** Opening Data supplied block **

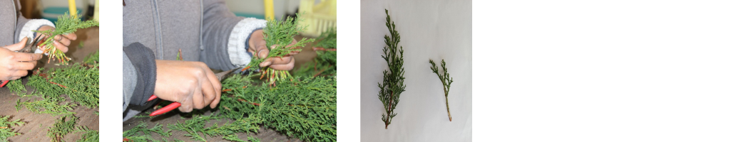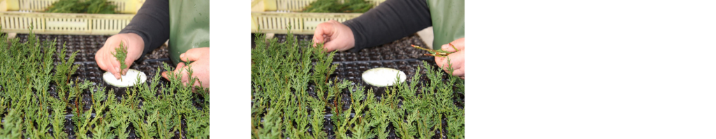 Une fois prélevées, les boutures sont préparées avant leur mise en culture.
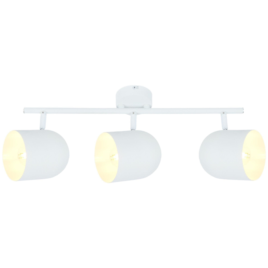 AZURO 93-63267 to nowoczesna lampa sufitowa z trzema źródłami światła. Wykonana została z wysokiej jakości metalu w kolorze białym. Lampa posiada trzy klosze w kształcie walca z zaokrągleniem w górnej części. Klosze osadzone są na ruchomych przegubach, które dają możliwość regulacji w pionie i poziomie. Oprawa będzie idealnym wyborem do nowoczesnych wnętrz. Doskonale będzie się prezentować w: salonie, jadalni, sypialni, pokoju młodzieżowym, gabinecie, biurze, lokalu, przedpokoju, korytarzu. Wysokość lampy to: 18 cm, szerokość 55 cm, głębokość 10 cm. Źródłem światła jest żarówka typu E27 o mocy max 40W w ilości 3 szt.
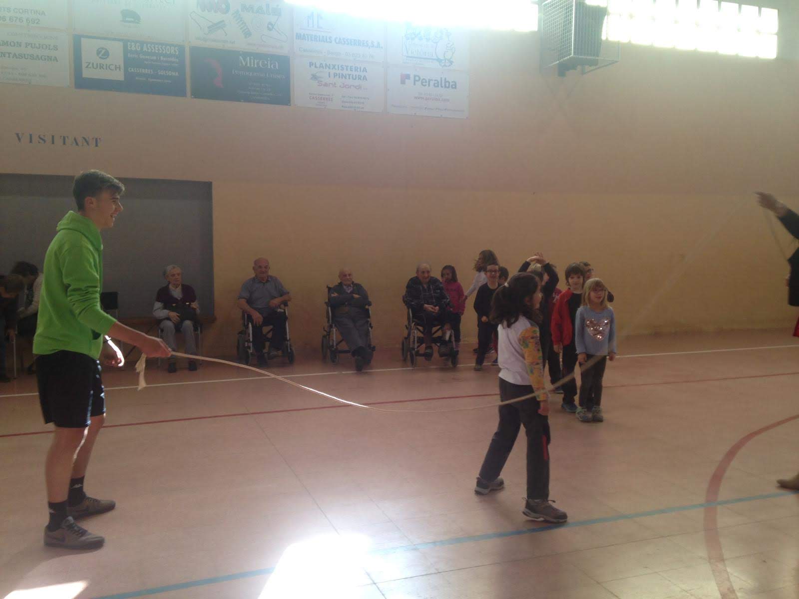 Aquest passat dilluns tota la colla de Cicle Inicial vam tornar a passar una tarda amb alguns avis i àvies de la Residència. Aquesta vegada vam compartir una tarda de jocs. Vam jugar a jocs d’abans i a jocs més actuals. Ens va agradar molt jugar a saltar a corda i intentar fer girar la baldufa!
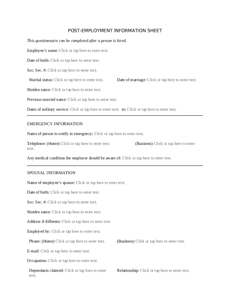 Comprehensive Guide to the Post-Employment Information Sheet Form
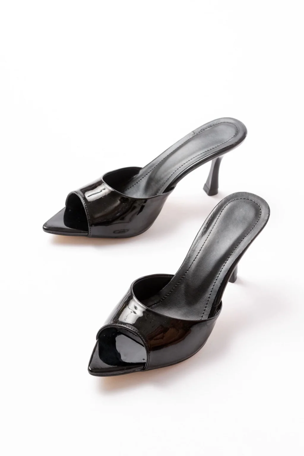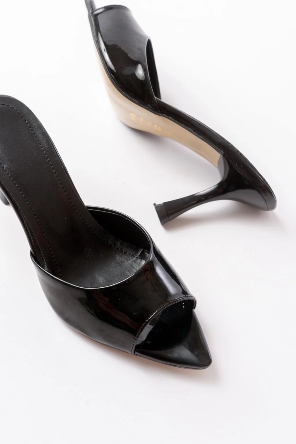 Lanina Siyah Cilt Topuklu Ayakkabı
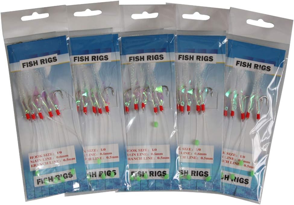 Includes 10 fishing rigs with flasher lures and glow beads.
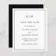 Economisez la date avec un design moderne et élégant avec votre monogramme à deux lettres en haut et vos détails mariages entourés d'une fine bordure. Tous les éléments de conception sont en noir et blanc et peuvent être modifiés dans l'outil d'édition de conception. Un design chic et design qui conviendra à un couple minimaliste.
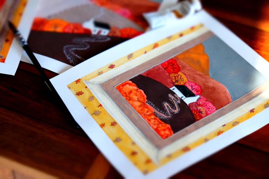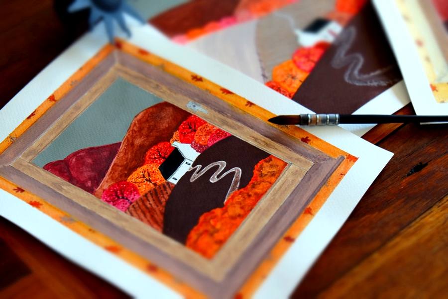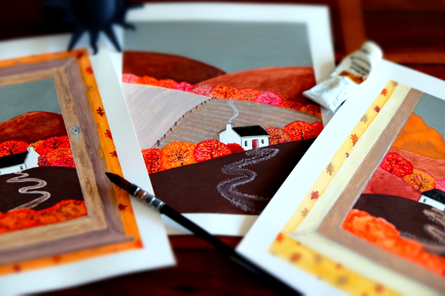 Watercolour, gouache, ink, pencil, pastel — each piece chooses its own voice. Every material brings its own mood: softness, clarity, boldness, calm. Some invite detail, others encourage looseness and play.
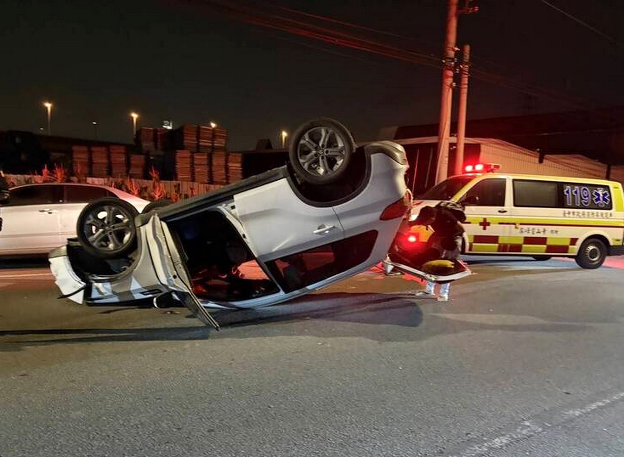 台中男開車恍神自撞路邊停車翻車「4輪朝天」
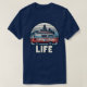 I give wanted to give this a 4 instead of a 5 because these Basic DARK T0shirts run unexpectedly SLIM or Narrow. Which is great if you do not have a potbelly, but I have a paunch. It isn't the shirt's fault that I've got a beer belly. The design and shirt itself is a quality cotton shirt. The color is more of a deep purple, but still a very pretty color. The Basic DARK T-shirts run a bit SLIMMER than the Basic Ts. The neck is a fraction narrower (or seems to be narrower) also. I'm a paunchy middle-aged woman and my neck is 12 inches (31cm) thick and the neckline fell about the same as in the photo of the man, and I had the desire to tug it a bit. So if you're a thick necked man or like loose shirts, be aware these are slimmer shirts. Once I get rid of my lockdown paunch it'll look great. The shirt washed well in cold water with no apparent bleeding. We don't have a dryer, so it hung dry. Did not shrink. Love the colors and the design. The design looks smaller on my shirt than it does on the model on-line. But still, it looks good on the shirt. The printing looks as it does on the model, just the size seems fractionally smaller. Washed garment in cold water, hung dry and design appeared unaffected.
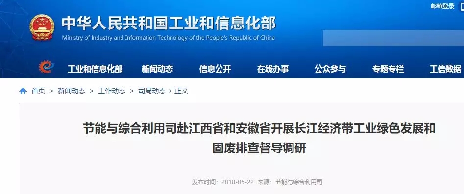 為了解長江經(jīng)濟帶工業(yè)綠色發(fā)展、工業(yè)固體廢物綜合利用大排查、化工等重點行業(yè)發(fā)展、部分省份有關問題整改等工作進展情況,工業(yè)和信息化部節(jié)能與綜合利用司組織開展了沿江省市督導調(diào)研工作。2018年5月14-18日,部節(jié)能與綜合利用司副司長畢俊生帶隊赴江西省和安徽省開展實地督導調(diào)研,重點督導調(diào)研了化工、石化、建材等重點行業(yè)的企業(yè)以及化工類園區(qū),詳細了解了企業(yè)發(fā)展和園區(qū)規(guī)劃情況,并分別在九江、安慶、銅陵召開座談會,聽取了省市工信、環(huán)境等部門以及企業(yè)負責人的工作匯報和建議。
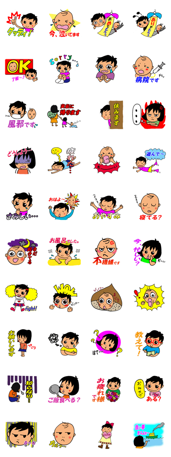 赤ちゃんと女の子を持つ2児の母が考えたスタンプです。パパやママ友との会話に使って下さい。
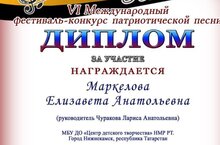 Поздравляем воспитанницу ансамбля русской песни "Звонница" Маркелову Елизавету и её педагога Чуракову Л.А. с победой на VI Международном фестивале-конкурсе патриотической песни "Истина Победы".
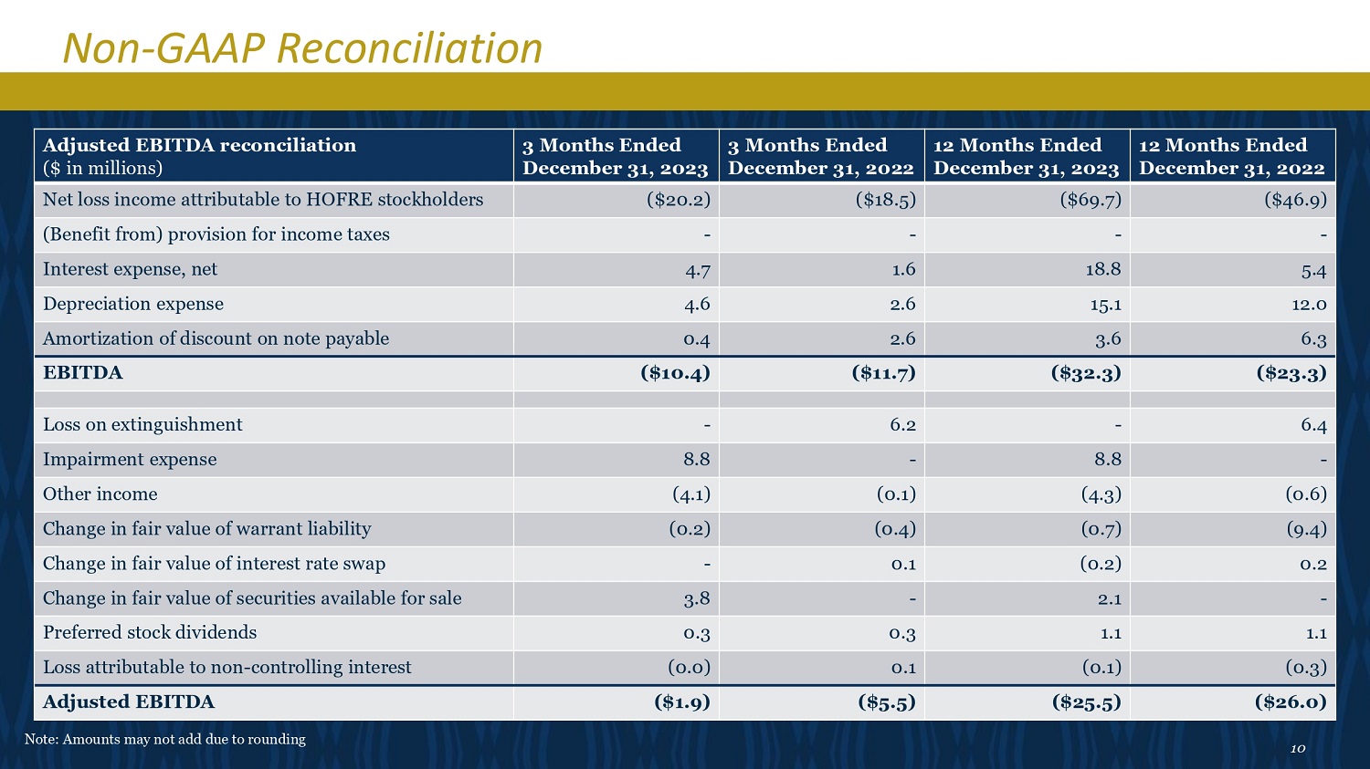 Non - GAAP Reconciliation Note: Amounts may not add due to rounding 10 12 Months Ended December 31, 2022 12 Months Ended December 31, 2023 3 Months Ended December 31, 2022 3 Months Ended December 31, 2023 Adjusted EBITDA reconciliation ($ in millions) ($46.9) ($69.7) ($18.5) ($20.2) Net loss income attributable to HOFRE stockholders - - - - (Benefit from) provision for income taxes 5.4 18.8 1.6 4.7 Interest expense, net 12.0 15.1 2.6 4.6 Depreciation expense 6.3 3.6 2.6 0.4 Amortization of discount on note payable ($23.3) ($32.3) ($11.7) ($10.4) EBITDA 6.4 - 6.2 - Loss on extinguishment - 8.8 - 8.8 Impairment expense (0.6) (4.3) (0.1) (4.1) Other income (9.4) (0.7) (0.4) (0.2) Change in fair value of warrant liability 0.2 (0.2) 0.1 - Change in fair value of interest rate swap - 2.1 - 3.8 Change in fair value of securities available for sale 1.1 1.1 0.3 0.3 Preferred stock dividends (0.3) (0.1) 0.1 (0.0) Loss attributable to non - controlling interest ($26.0) ($25.5) ($5.5) ($1.9) Adjusted EBITDA
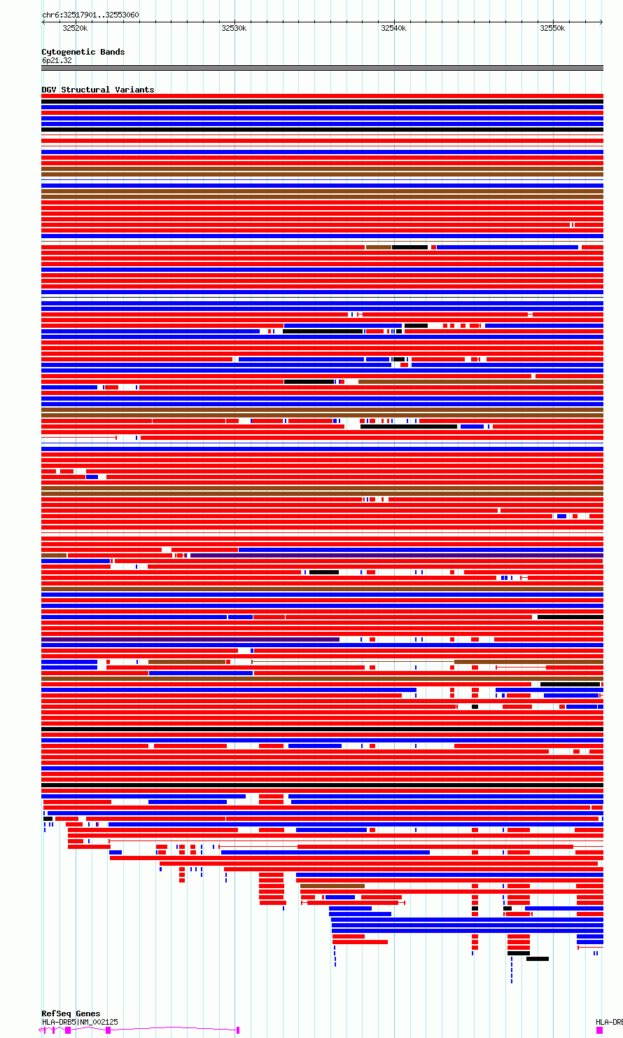 Variant DetailsVariant: essv6887041| Internal ID | 9986263 | | Landmark | | | Location Information | | | Cytoband | 6p21.32 | | Allele length | | Assembly | Allele length | | hg38 | 35160 | | hg19 | 35160 |
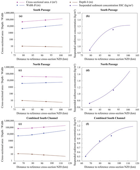 The computed topography and SSC distribution for the South Passage (a,b), North Passage (c,d), and the combined South Channel (e,f) on 13–14 February 2006, compared to observations. (Scatters represent observations, and the drawn lines represent the simulated values).
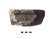 | Description: | Inscribed fragment of grave monument (?). Inscribed face, top, bottom and left side preserved; top worn smooth. Mouldings top and bottom of face and side. Part of a circular cutting in top. Two lines of the inscription preserved, between guide lines. Hymettian marble. | |
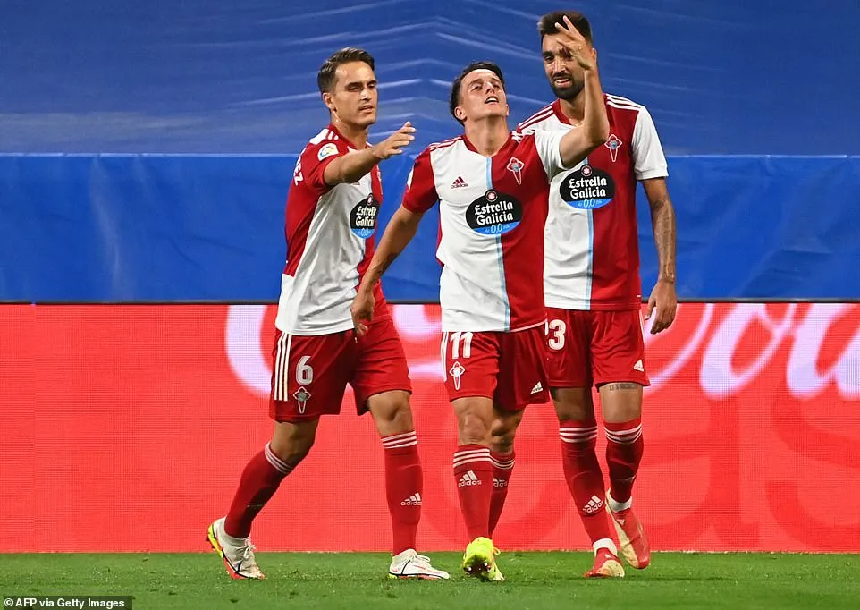 Bàn thắng của Franco Cervi (giữa) giúp Celta Vigo khép lại hiệp một với lợi thế dẫn trước 2-1. Ảnh: Getty Images.
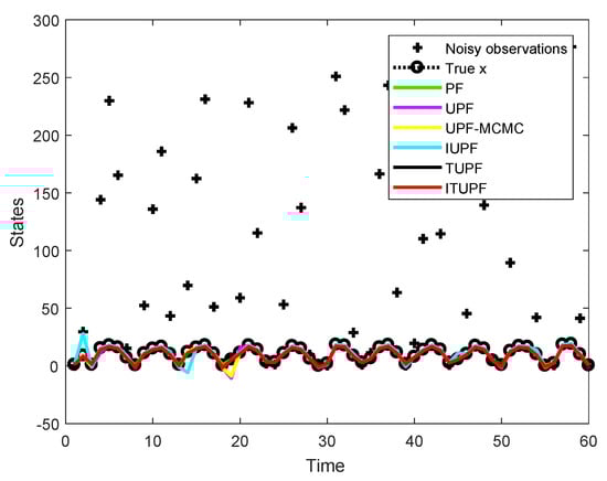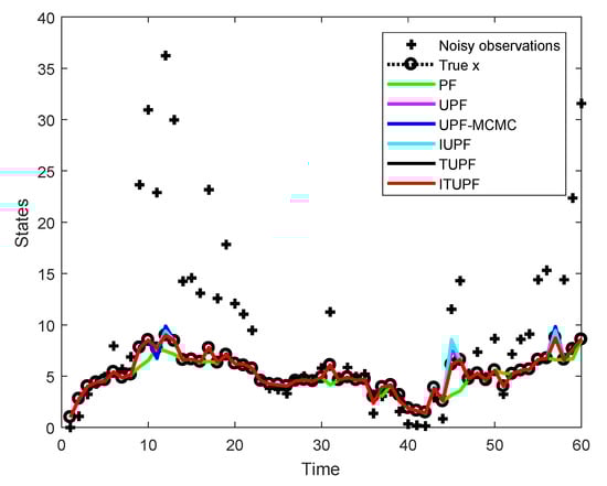 where the system noise had the same distribution as in the previous experiment. The measurement noise was also Gaussian with zero mean and variance 0.0001. The total time step and Monte Carlo runs were the same as in the previous experiment. We used 100 particles for all the filters in this experiment. The RMSE was calculated to compare the performance of different particle filters. The constraint was defined as: . Figure 4 shows the estimated and true states in a single Monte Carlo run with system data shown in Figure 5. The red curve denotes the state estimation results generated by the proposed ITUPF. Compared to the other estimation algorithms, ITUPF provided state estimates much closer to the true states.

** Closing Data supplied block **

• **Instructions for the task**
Copy each entry exactly, with no pictures.

• **Expected output**
 Une fois prélevées, les boutures sont préparées avant leur mise en culture.
 AZURO 93-63267 to nowoczesna lampa sufitowa z trzema źródłami światła. Wykonana została z wysokiej jakości metalu w kolorze białym. Lampa posiada trzy klosze w kształcie walca z zaokrągleniem w górnej części. Klosze osadzone są na ruchomych przegubach, które dają możliwość regulacji w pionie i poziomie. Oprawa będzie idealnym wyborem do nowoczesnych wnętrz. Doskonale będzie się prezentować w: salonie, jadalni, sypialni, pokoju młodzieżowym, gabinecie, biurze, lokalu, przedpokoju, korytarzu. Wysokość lampy to: 18 cm, szerokość 55 cm, głębokość 10 cm. Źródłem światła jest żarówka typu E27 o mocy max 40W w ilości 3 szt.
 Aquest passat dilluns tota la colla de Cicle Inicial vam tornar a passar una tarda amb alguns avis i àvies de la Residència. Aquesta vegada vam compartir una tarda de jocs. Vam jugar a jocs d’abans i a jocs més actuals. Ens va agradar molt jugar a saltar a corda i intentar fer girar la baldufa!
 Comprehensive Guide to the Post-Employment Information Sheet Form
 Lanina Siyah Cilt Topuklu Ayakkabı
 Includes 10 fishing rigs with flasher lures and glow beads.
 Economisez la date avec un design moderne et élégant avec votre monogramme à deux lettres en haut et vos détails mariages entourés d'une fine bordure. Tous les éléments de conception sont en noir et blanc et peuvent être modifiés dans l'outil d'édition de conception. Un design chic et design qui conviendra à un couple minimaliste.
 Watercolour, gouache, ink, pencil, pastel — each piece chooses its own voice. Every material brings its own mood: softness, clarity, boldness, calm. Some invite detail, others encourage looseness and play.
 台中男開車恍神自撞路邊停車翻車「4輪朝天」
 I give wanted to give this a 4 instead of a 5 because these Basic DARK T0shirts run unexpectedly SLIM or Narrow. Which is great if you do not have a potbelly, but I have a paunch. It isn't the shirt's fault that I've got a beer belly. The design and shirt itself is a quality cotton shirt. The color is more of a deep purple, but still a very pretty color. The Basic DARK T-shirts run a bit SLIMMER than the Basic Ts. The neck is a fraction narrower (or seems to be narrower) also. I'm a paunchy middle-aged woman and my neck is 12 inches (31cm) thick and the neckline fell about the same as in the photo of the man, and I had the desire to tug it a bit. So if you're a thick necked man or like loose shirts, be aware these are slimmer shirts. Once I get rid of my lockdown paunch it'll look great. The shirt washed well in cold water with no apparent bleeding. We don't have a dryer, so it hung dry. Did not shrink. Love the colors and the design. The design looks smaller on my shirt than it does on the model on-line. But still, it looks good on the shirt. The printing looks as it does on the model, just the size seems fractionally smaller. Washed garment in cold water, hung dry and design appeared unaffected.
 為了解長江經(jīng)濟帶工業(yè)綠色發(fā)展、工業(yè)固體廢物綜合利用大排查、化工等重點行業(yè)發(fā)展、部分省份有關問題整改等工作進展情況,工業(yè)和信息化部節(jié)能與綜合利用司組織開展了沿江省市督導調(diào)研工作。2018年5月14-18日,部節(jié)能與綜合利用司副司長畢俊生帶隊赴江西省和安徽省開展實地督導調(diào)研,重點督導調(diào)研了化工、石化、建材等重點行業(yè)的企業(yè)以及化工類園區(qū),詳細了解了企業(yè)發(fā)展和園區(qū)規(guī)劃情況,并分別在九江、安慶、銅陵召開座談會,聽取了省市工信、環(huán)境等部門以及企業(yè)負責人的工作匯報和建議。
 赤ちゃんと女の子を持つ2児の母が考えたスタンプです。パパやママ友との会話に使って下さい。
 Поздравляем воспитанницу ансамбля русской песни "Звонница" Маркелову Елизавету и её педагога Чуракову Л.А. с победой на VI Международном фестивале-конкурсе патриотической песни "Истина Победы".
 Non - GAAP Reconciliation Note: Amounts may not add due to rounding 10 12 Months Ended December 31, 2022 12 Months Ended December 31, 2023 3 Months Ended December 31, 2022 3 Months Ended December 31, 2023 Adjusted EBITDA reconciliation ($ in millions) ($46.9) ($69.7) ($18.5) ($20.2) Net loss income attributable to HOFRE stockholders - - - - (Benefit from) provision for income taxes 5.4 18.8 1.6 4.7 Interest expense, net 12.0 15.1 2.6 4.6 Depreciation expense 6.3 3.6 2.6 0.4 Amortization of discount on note payable ($23.3) ($32.3) ($11.7) ($10.4) EBITDA 6.4 - 6.2 - Loss on extinguishment - 8.8 - 8.8 Impairment expense (0.6) (4.3) (0.1) (4.1) Other income (9.4) (0.7) (0.4) (0.2) Change in fair value of warrant liability 0.2 (0.2) 0.1 - Change in fair value of interest rate swap - 2.1 - 3.8 Change in fair value of securities available for sale 1.1 1.1 0.3 0.3 Preferred stock dividends (0.3) (0.1) 0.1 (0.0) Loss attributable to non - controlling interest ($26.0) ($25.5) ($5.5) ($1.9) Adjusted EBITDA
 Variant DetailsVariant: essv6887041| Internal ID | 9986263 | | Landmark | | | Location Information | | | Cytoband | 6p21.32 | | Allele length | | Assembly | Allele length | | hg38 | 35160 | | hg19 | 35160 |
 The computed topography and SSC distribution for the South Passage (a,b), North Passage (c,d), and the combined South Channel (e,f) on 13–14 February 2006, compared to observations. (Scatters represent observations, and the drawn lines represent the simulated values).
 | Description: | Inscribed fragment of grave monument (?). Inscribed face, top, bottom and left side preserved; top worn smooth. Mouldings top and bottom of face and side. Part of a circular cutting in top. Two lines of the inscription preserved, between guide lines. Hymettian marble. | |
 Bàn thắng của Franco Cervi (giữa) giúp Celta Vigo khép lại hiệp một với lợi thế dẫn trước 2-1. Ảnh: Getty Images.
 where the system noise had the same distribution as in the previous experiment. The measurement noise was also Gaussian with zero mean and variance 0.0001. The total time step and Monte Carlo runs were the same as in the previous experiment. We used 100 particles for all the filters in this experiment. The RMSE was calculated to compare the performance of different particle filters. The constraint was defined as: . Figure 4 shows the estimated and true states in a single Monte Carlo run with system data shown in Figure 5. The red curve denotes the state estimation results generated by the proposed ITUPF. Compared to the other estimation algorithms, ITUPF provided state estimates much closer to the true states.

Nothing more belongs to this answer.